- Your assignment
The records beneath should be printed exactly, and the pictures are to be left out.

- Available records
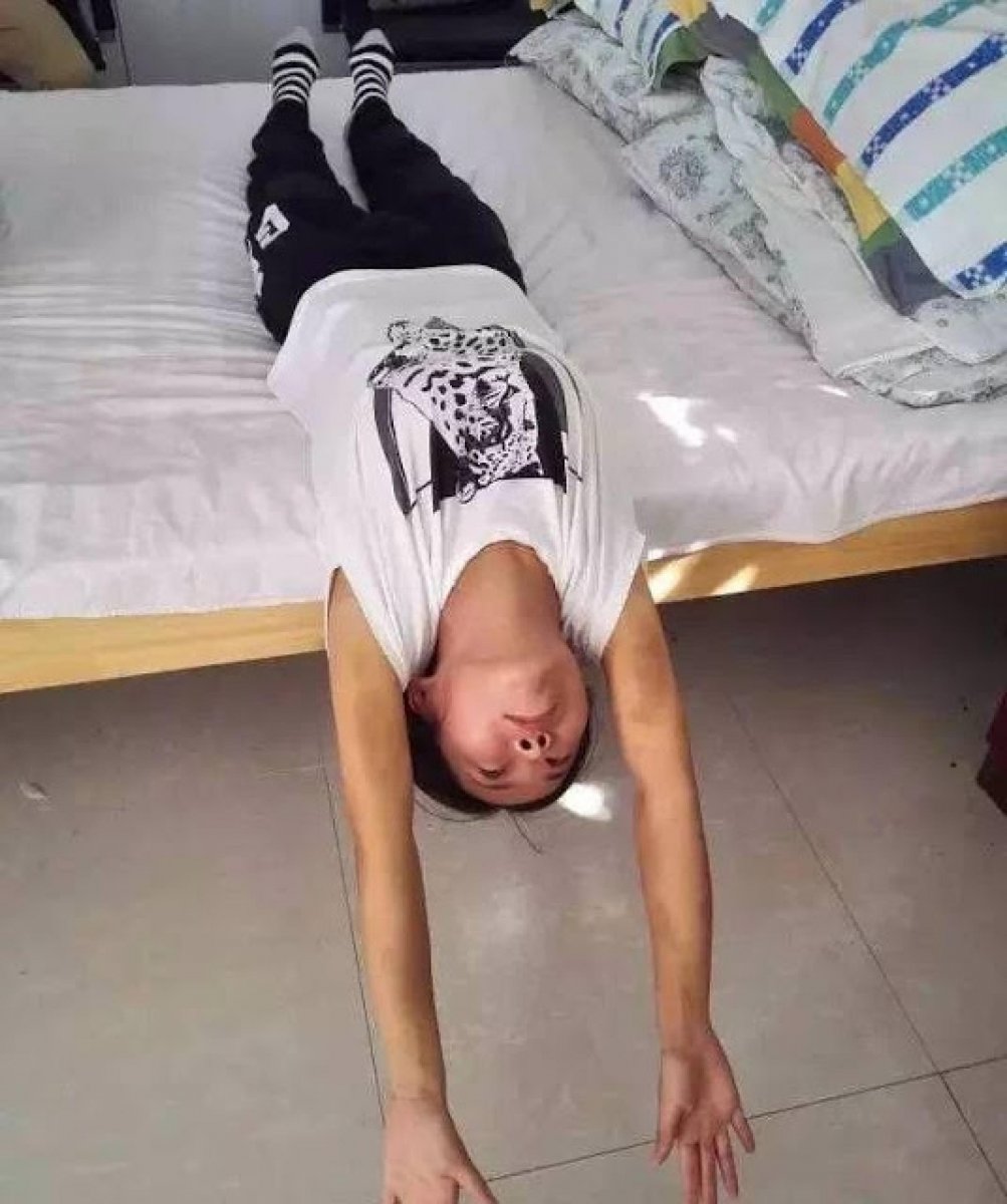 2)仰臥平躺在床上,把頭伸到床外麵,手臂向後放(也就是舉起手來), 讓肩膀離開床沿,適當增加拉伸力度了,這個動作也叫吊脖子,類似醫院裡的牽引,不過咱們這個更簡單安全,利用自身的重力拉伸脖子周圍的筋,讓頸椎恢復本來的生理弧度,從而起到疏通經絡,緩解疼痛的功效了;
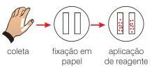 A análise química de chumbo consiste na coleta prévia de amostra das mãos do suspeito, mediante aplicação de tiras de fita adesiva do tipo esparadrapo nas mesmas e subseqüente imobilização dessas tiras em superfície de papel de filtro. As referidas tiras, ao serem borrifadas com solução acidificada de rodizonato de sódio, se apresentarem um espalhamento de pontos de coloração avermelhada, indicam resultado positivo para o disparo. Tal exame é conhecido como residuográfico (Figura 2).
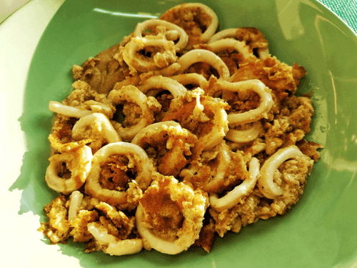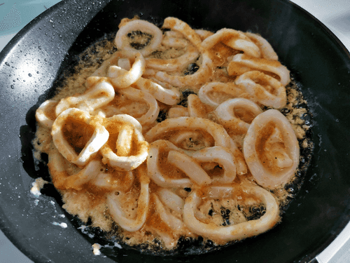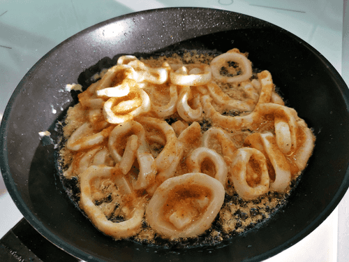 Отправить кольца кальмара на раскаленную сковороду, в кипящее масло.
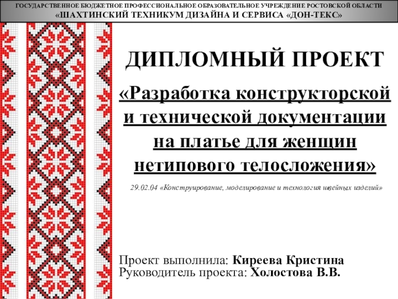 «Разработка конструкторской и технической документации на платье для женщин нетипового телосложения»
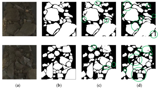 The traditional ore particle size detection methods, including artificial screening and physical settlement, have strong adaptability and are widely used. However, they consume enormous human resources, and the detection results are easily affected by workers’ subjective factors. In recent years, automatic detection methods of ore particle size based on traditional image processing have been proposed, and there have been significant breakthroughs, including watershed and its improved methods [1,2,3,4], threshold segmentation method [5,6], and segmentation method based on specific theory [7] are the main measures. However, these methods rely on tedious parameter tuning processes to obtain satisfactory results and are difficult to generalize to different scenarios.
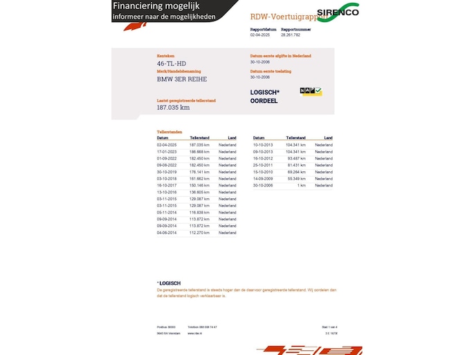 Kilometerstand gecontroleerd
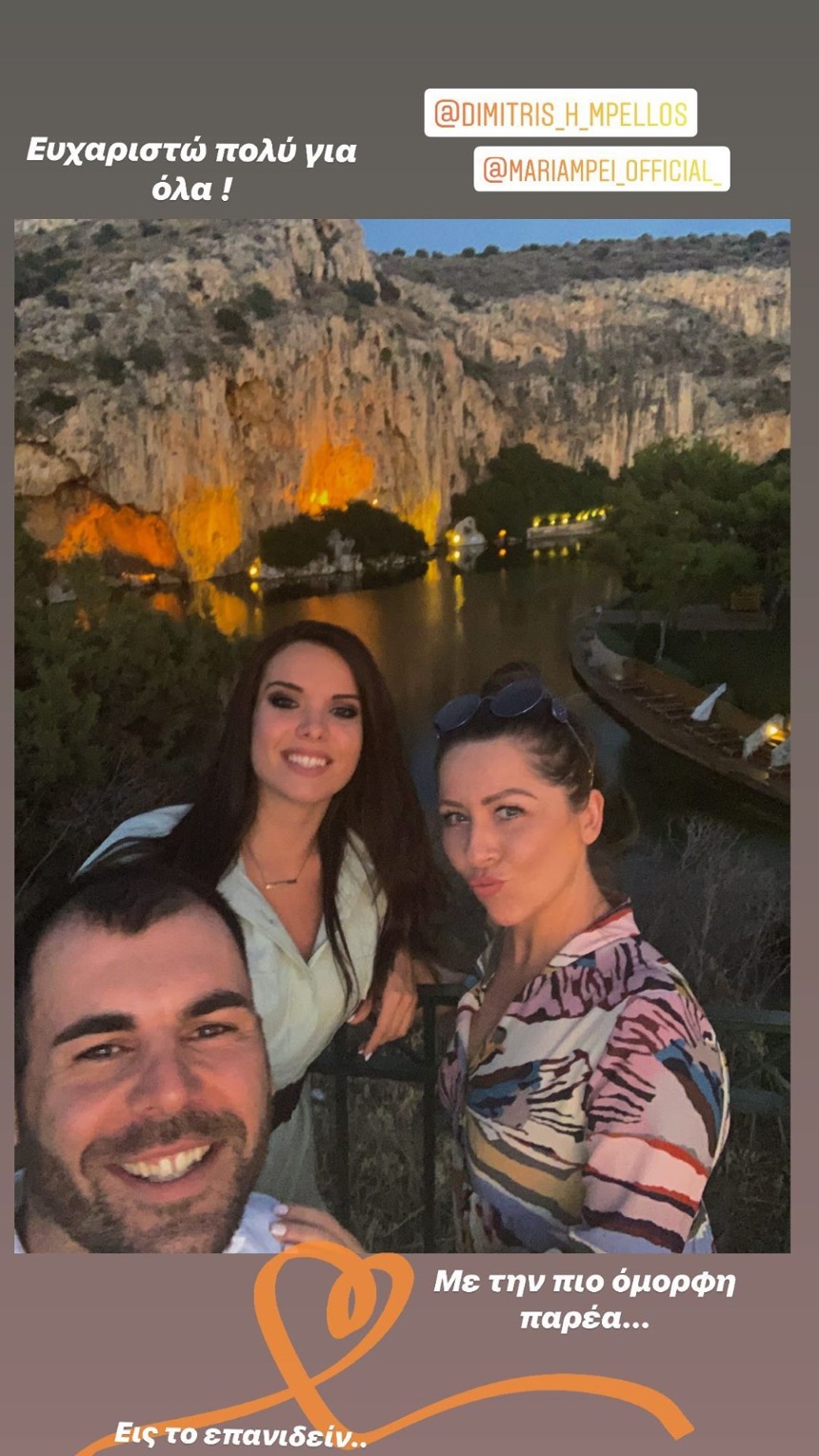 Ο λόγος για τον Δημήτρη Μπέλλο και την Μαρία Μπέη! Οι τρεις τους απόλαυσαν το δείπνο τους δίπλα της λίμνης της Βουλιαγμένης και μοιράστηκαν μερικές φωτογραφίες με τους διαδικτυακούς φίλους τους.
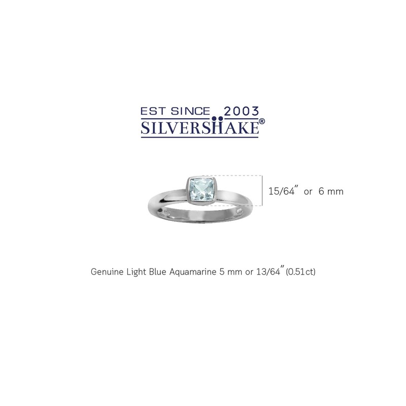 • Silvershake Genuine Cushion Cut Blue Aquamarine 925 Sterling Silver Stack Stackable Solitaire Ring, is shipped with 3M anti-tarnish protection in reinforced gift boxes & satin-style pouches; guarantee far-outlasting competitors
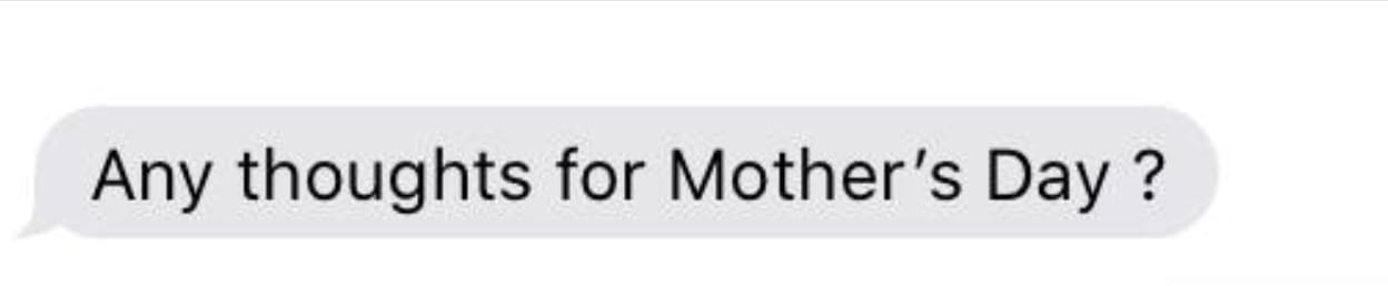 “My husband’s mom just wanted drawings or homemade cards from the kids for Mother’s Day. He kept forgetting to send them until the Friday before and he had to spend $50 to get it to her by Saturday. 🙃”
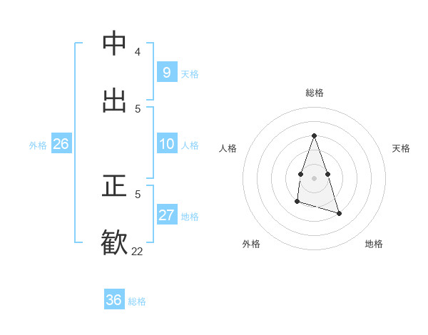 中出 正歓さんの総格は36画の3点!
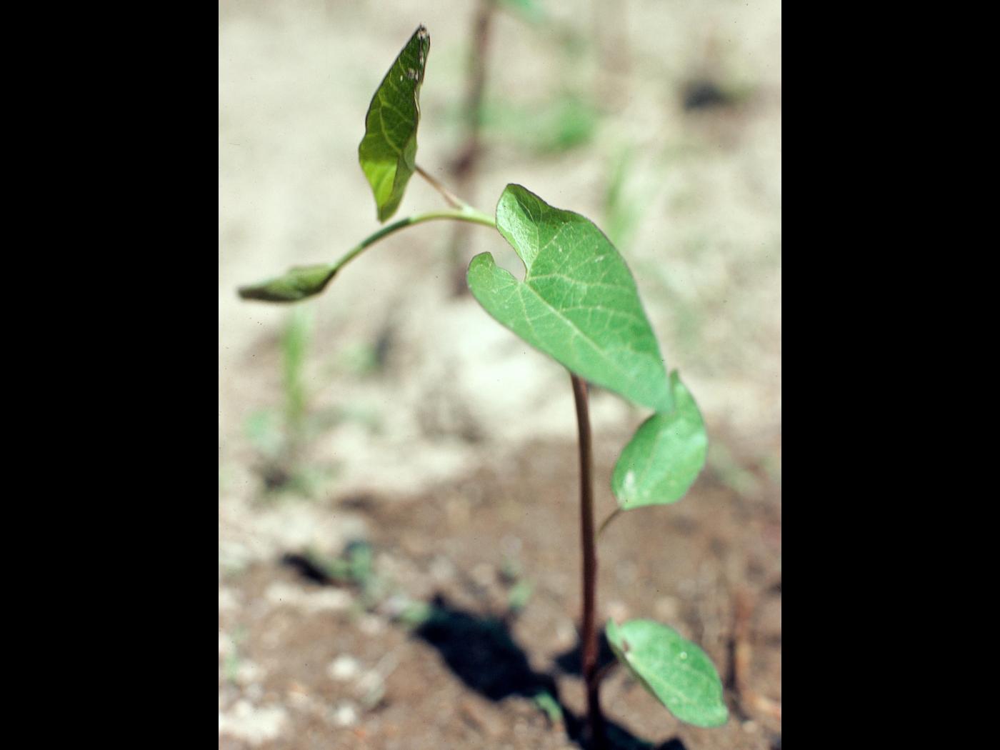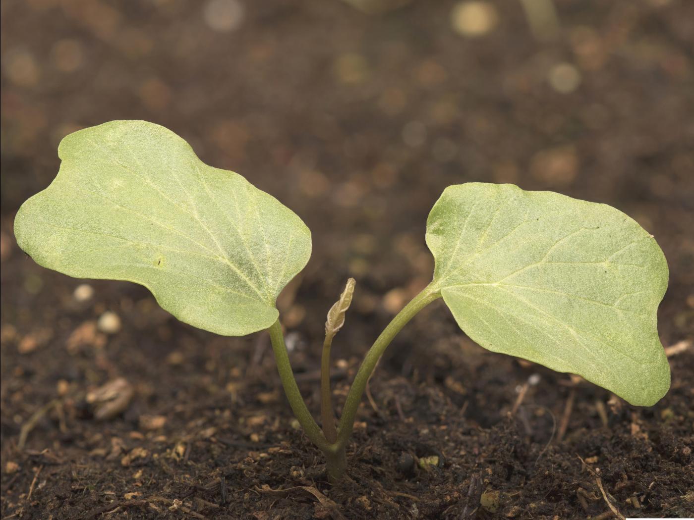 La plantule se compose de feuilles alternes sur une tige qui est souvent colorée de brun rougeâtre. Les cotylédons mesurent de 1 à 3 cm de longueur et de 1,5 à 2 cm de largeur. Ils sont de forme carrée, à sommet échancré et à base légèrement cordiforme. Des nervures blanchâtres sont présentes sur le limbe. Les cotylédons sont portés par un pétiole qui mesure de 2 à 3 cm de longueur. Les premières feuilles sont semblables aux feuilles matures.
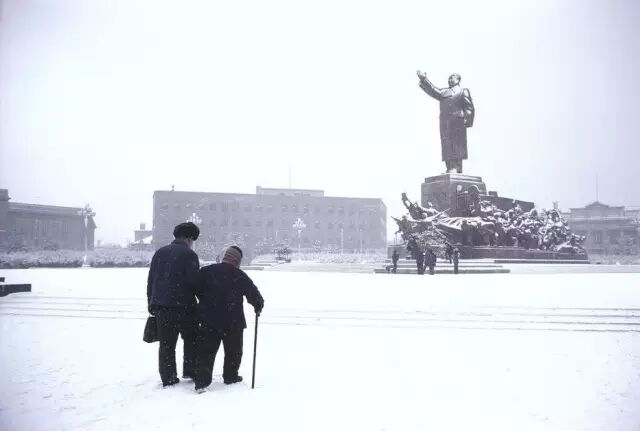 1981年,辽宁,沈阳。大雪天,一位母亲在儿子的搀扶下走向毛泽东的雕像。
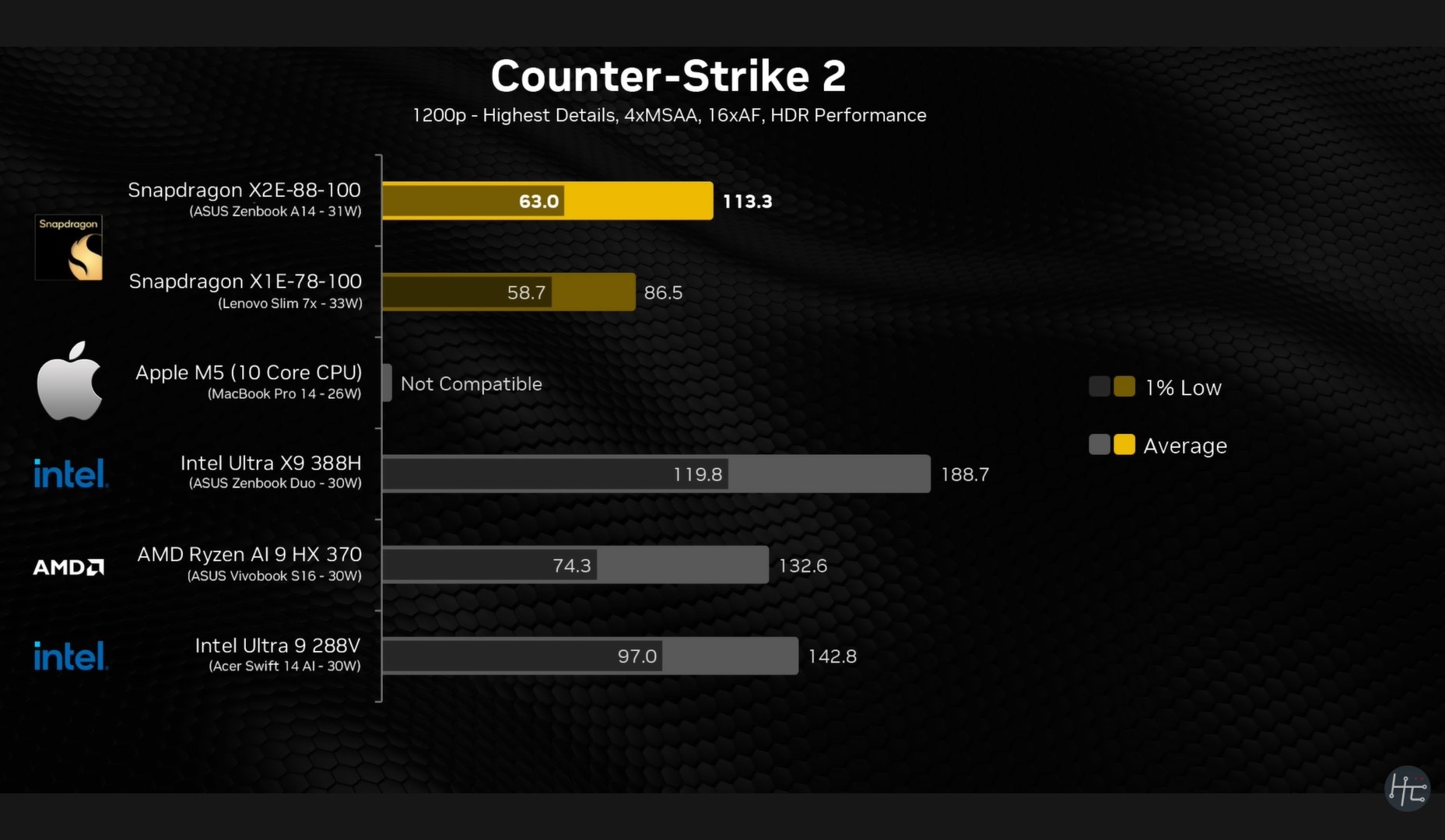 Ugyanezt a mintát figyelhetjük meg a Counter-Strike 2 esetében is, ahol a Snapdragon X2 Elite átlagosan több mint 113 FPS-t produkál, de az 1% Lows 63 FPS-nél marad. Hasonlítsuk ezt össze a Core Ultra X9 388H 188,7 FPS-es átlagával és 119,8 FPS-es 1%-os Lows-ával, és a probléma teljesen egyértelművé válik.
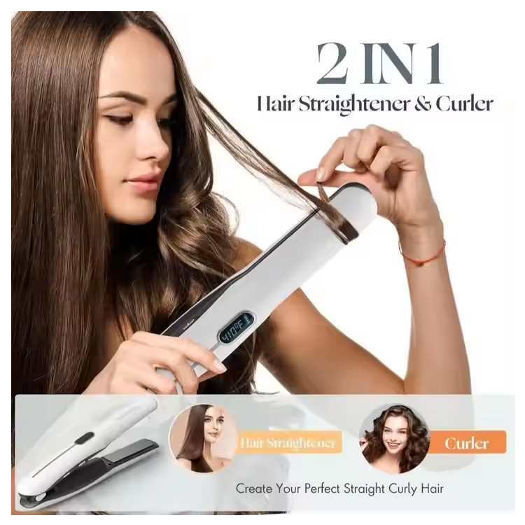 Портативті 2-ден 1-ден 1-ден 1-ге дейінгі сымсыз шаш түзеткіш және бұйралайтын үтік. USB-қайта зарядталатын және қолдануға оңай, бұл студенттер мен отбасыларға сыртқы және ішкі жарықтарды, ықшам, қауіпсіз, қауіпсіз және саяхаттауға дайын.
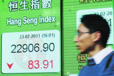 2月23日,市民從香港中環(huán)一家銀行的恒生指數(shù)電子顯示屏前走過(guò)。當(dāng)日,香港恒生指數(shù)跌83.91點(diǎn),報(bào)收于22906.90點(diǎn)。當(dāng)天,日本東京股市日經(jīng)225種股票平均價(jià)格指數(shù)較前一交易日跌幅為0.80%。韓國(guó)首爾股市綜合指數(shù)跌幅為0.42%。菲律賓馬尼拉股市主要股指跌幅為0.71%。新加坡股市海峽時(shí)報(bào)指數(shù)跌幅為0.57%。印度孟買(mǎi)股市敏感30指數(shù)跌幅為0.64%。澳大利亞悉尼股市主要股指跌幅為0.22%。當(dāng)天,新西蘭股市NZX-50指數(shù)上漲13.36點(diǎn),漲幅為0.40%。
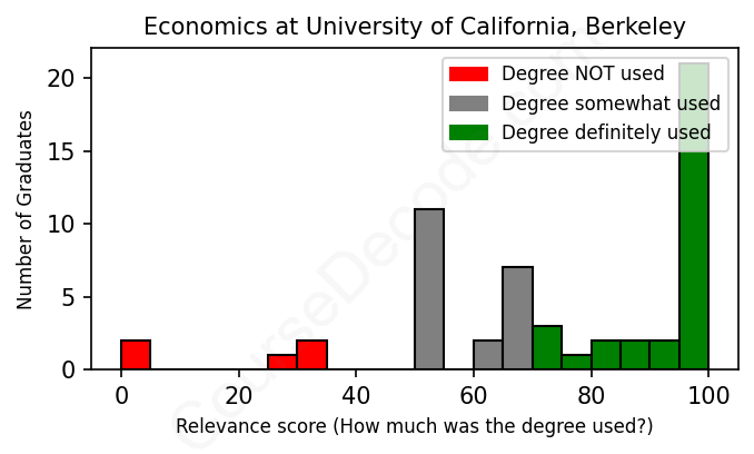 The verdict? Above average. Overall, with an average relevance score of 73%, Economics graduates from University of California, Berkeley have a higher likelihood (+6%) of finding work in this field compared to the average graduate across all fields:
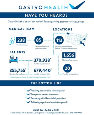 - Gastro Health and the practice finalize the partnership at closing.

- Task response
 2)仰臥平躺在床上,把頭伸到床外麵,手臂向後放(也就是舉起手來), 讓肩膀離開床沿,適當增加拉伸力度了,這個動作也叫吊脖子,類似醫院裡的牽引,不過咱們這個更簡單安全,利用自身的重力拉伸脖子周圍的筋,讓頸椎恢復本來的生理弧度,從而起到疏通經絡,緩解疼痛的功效了;
 A análise química de chumbo consiste na coleta prévia de amostra das mãos do suspeito, mediante aplicação de tiras de fita adesiva do tipo esparadrapo nas mesmas e subseqüente imobilização dessas tiras em superfície de papel de filtro. As referidas tiras, ao serem borrifadas com solução acidificada de rodizonato de sódio, se apresentarem um espalhamento de pontos de coloração avermelhada, indicam resultado positivo para o disparo. Tal exame é conhecido como residuográfico (Figura 2).
 Отправить кольца кальмара на раскаленную сковороду, в кипящее масло.
 «Разработка конструкторской и технической документации на платье для женщин нетипового телосложения»
 The traditional ore particle size detection methods, including artificial screening and physical settlement, have strong adaptability and are widely used. However, they consume enormous human resources, and the detection results are easily affected by workers’ subjective factors. In recent years, automatic detection methods of ore particle size based on traditional image processing have been proposed, and there have been significant breakthroughs, including watershed and its improved methods [1,2,3,4], threshold segmentation method [5,6], and segmentation method based on specific theory [7] are the main measures. However, these methods rely on tedious parameter tuning processes to obtain satisfactory results and are difficult to generalize to different scenarios.
 Kilometerstand gecontroleerd
 Ο λόγος για τον Δημήτρη Μπέλλο και την Μαρία Μπέη! Οι τρεις τους απόλαυσαν το δείπνο τους δίπλα της λίμνης της Βουλιαγμένης και μοιράστηκαν μερικές φωτογραφίες με τους διαδικτυακούς φίλους τους.
 • Silvershake Genuine Cushion Cut Blue Aquamarine 925 Sterling Silver Stack Stackable Solitaire Ring, is shipped with 3M anti-tarnish protection in reinforced gift boxes & satin-style pouches; guarantee far-outlasting competitors
 “My husband’s mom just wanted drawings or homemade cards from the kids for Mother’s Day. He kept forgetting to send them until the Friday before and he had to spend $50 to get it to her by Saturday. 🙃”
 中出 正歓さんの総格は36画の3点!
 La plantule se compose de feuilles alternes sur une tige qui est souvent colorée de brun rougeâtre. Les cotylédons mesurent de 1 à 3 cm de longueur et de 1,5 à 2 cm de largeur. Ils sont de forme carrée, à sommet échancré et à base légèrement cordiforme. Des nervures blanchâtres sont présentes sur le limbe. Les cotylédons sont portés par un pétiole qui mesure de 2 à 3 cm de longueur. Les premières feuilles sont semblables aux feuilles matures.
 1981年,辽宁,沈阳。大雪天,一位母亲在儿子的搀扶下走向毛泽东的雕像。
 Ugyanezt a mintát figyelhetjük meg a Counter-Strike 2 esetében is, ahol a Snapdragon X2 Elite átlagosan több mint 113 FPS-t produkál, de az 1% Lows 63 FPS-nél marad. Hasonlítsuk ezt össze a Core Ultra X9 388H 188,7 FPS-es átlagával és 119,8 FPS-es 1%-os Lows-ával, és a probléma teljesen egyértelművé válik.
 Портативті 2-ден 1-ден 1-ден 1-ге дейінгі сымсыз шаш түзеткіш және бұйралайтын үтік. USB-қайта зарядталатын және қолдануға оңай, бұл студенттер мен отбасыларға сыртқы және ішкі жарықтарды, ықшам, қауіпсіз, қауіпсіз және саяхаттауға дайын.
 2月23日,市民從香港中環(huán)一家銀行的恒生指數(shù)電子顯示屏前走過(guò)。當(dāng)日,香港恒生指數(shù)跌83.91點(diǎn),報(bào)收于22906.90點(diǎn)。當(dāng)天,日本東京股市日經(jīng)225種股票平均價(jià)格指數(shù)較前一交易日跌幅為0.80%。韓國(guó)首爾股市綜合指數(shù)跌幅為0.42%。菲律賓馬尼拉股市主要股指跌幅為0.71%。新加坡股市海峽時(shí)報(bào)指數(shù)跌幅為0.57%。印度孟買(mǎi)股市敏感30指數(shù)跌幅為0.64%。澳大利亞悉尼股市主要股指跌幅為0.22%。當(dāng)天,新西蘭股市NZX-50指數(shù)上漲13.36點(diǎn),漲幅為0.40%。
 The verdict? Above average. Overall, with an average relevance score of 73%, Economics graduates from University of California, Berkeley have a higher likelihood (+6%) of finding work in this field compared to the average graduate across all fields:
 - Gastro Health and the practice finalize the partnership at closing.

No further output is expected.